Jiang Peng, Sellers William R, Liu X Shirley
Dana-Farber Cancer Institute and Harvard T.H. Chan School of Public Health, Boston, Massachusetts 02215, USA.
Broad Institute of MIT and Harvard, Cambridge, Massachusetts 02142, USA.
Annu Rev Biomed Data Sci. 2018 Jul;1:1-27. doi: 10.1146/annurev-biodatasci-080917-013350. Epub 2018 Apr 25.

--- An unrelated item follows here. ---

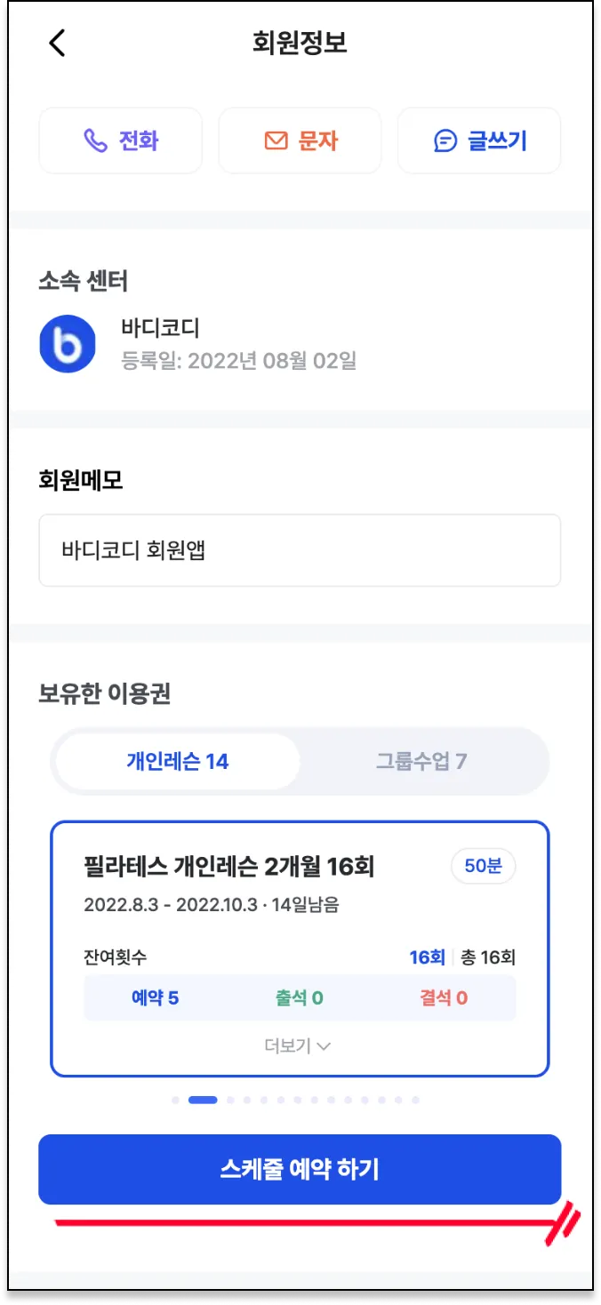 전화, 문자 버튼을 누르면 회원에게 전화와 문자를 할 수 있습니다.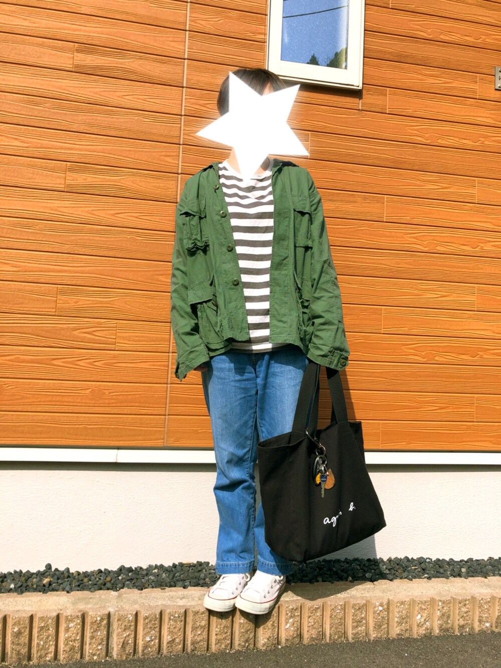 前のコーデと あんま変わらんかった!笑 カーキとボーダーの組み合わせ 好きだ♡

Despite significant progress in cancer research, current standard-of-care drugs fail to cure many types of cancers. Hence, there is an urgent need to identify better predictive biomarkers and treatment regimes. Conventionally, insights from hypothesis-driven studies are the primary force for cancer biology and therapeutic discoveries. Recently, the rapid growth of big data resources, catalyzed by breakthroughs in high-throughput technologies, has resulted in a paradigm shift in cancer therapeutic research. The combination of computational methods and genomics data has led to several successful clinical applications. In this review, we focus on recent advances in data-driven methods to model anticancer drug efficacy, and we present the challenges and opportunities for data science in cancer therapeutic research.
尽管癌症研究取得了重大进展,但目前的标准护理药物仍无法治愈多种类型的癌症。因此,迫切需要识别更好的预测生物标志物和治疗方案。传统上,假设驱动研究的见解是癌症生物学和治疗发现的主要推动力。最近,高通量技术的突破催化了大数据资源的快速增长,导致癌症治疗研究发生了范式转变。计算方法与基因组学数据的结合已带来了多项成功的临床应用。在本综述中,我们关注数据驱动方法在抗癌药物疗效建模方面的最新进展,并阐述数据科学在癌症治疗研究中的挑战与机遇。